You need look no further than your average romantic comedy or the Twilight franchise for evidence of this. And as much as I loathe to mention it in the same paragraph, even Jane Austen’s novels could be considered partly to ‘blame’ for the over-emphasis on marriage – although I would argue that Austen’s novels are complex and measured enough that the end-game of marriage does not make up the sole or even the primary focus of the story. Usually, they are about the heroine overcoming whatever faults she has at the start of the novel (including over-romanticisation, funnily enough) to learn and grow as a human being.
And while Twilight and rom-coms fall more in the teen and adult category, I can think of several family films that included a strong focus on romance/marriage; Ever After, Little Women, Willow, even Chitty Chitty Bang Bang to an extent. I’m not denigrating any of these movies – I love each and every one of them. But I also hold them partly responsible for my own obsession with falling in love and getting married.
Nor am I arguing that movies, even family movies like these, shouldn’t end with a and they all lived happily ever after. The reason so many movies end this way is because it works. It makes sense.

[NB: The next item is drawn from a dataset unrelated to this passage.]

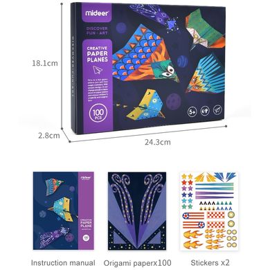 Jedes Flugzeug enthält einen dekorativen Aufkleber. Die Schwalben fliegen toll und in der Packung finden Sie 100 Stück farbiges Papier und 2 Bögen mit Aufklebern.

And the reason this message sticks is because it speaks to the core of women’s hearts: the desire to love and to be loved for who we are.
However, a lot of the romantic notions I gleaned from many of these films, as well as books and music, had to be dispelled – sometimes in very brutal ways.
For example, I’m no longer convinced by the concept of “the one”, or that because the man in question says or does something you’ve always dreamed about, it must mean something – it’s often just pure coincidence.
It’s also worth mentioning that a lot of adapted films do a disservice to the stories they’re based upon by, again, overemphasising marriage and romance to the detriment of other important messages.
I feel I need to clarify that I don’t support Disney’s recent 180 in films like Frozen or Maleficent, in which the House of Mouse seems determined to upend its traditional focus on romantic relationships and happily ever after via marriage, either. This new direction just seems too forced and part of Disney’s increasingly left-leaning stance, which appears opposed to tradition and classic familial norms, period.
Generally speaking, I love Disney movies; many hold a very special place in my heart and always will. And yet I must acknowledge that they played a significant role in my rose-coloured view of the world, in giving me unrealistic ideas about marriage, love and over-romanticising things in general.
However, I picked up this message in other movies shows, books and songs as well.
So what’s the solution? Don’t show our children any romantic films? Never read them fairy tales?
Obviously that’s extreme. However, I do think parents should be mindful and even restrictive of how much on-screen (G-rated) romance children are exposed to. So far my nieces (6 and 4) haven’t seen any full-length Disney films other than Mary Poppins, which is probably a very good thing.
While I loved watching all those movies as a little girl, and then as a teenager, there’s no doubt the unrealistic notions they imparted caused me no small amount of suffering when I was old enough to be in relationships.
In hindsight, I wish I hadn’t started thinking about all this so soon – getting excited about the idea of boys so early took away some of the childish innocence I might otherwise have had.
And while not everyone is as romantically-inclined as I am and might not take all of this so much to heart, it is apparent that enough young women and girls have over-romanticised ideas about what marriage, love and relationships actually are that there seems to be a problem.
Is Disney to blame for this? Absolutely.
How much? Unclear – but it seems unrealistic not to take into account the swathe of other films, TV shows and cultural influences as well.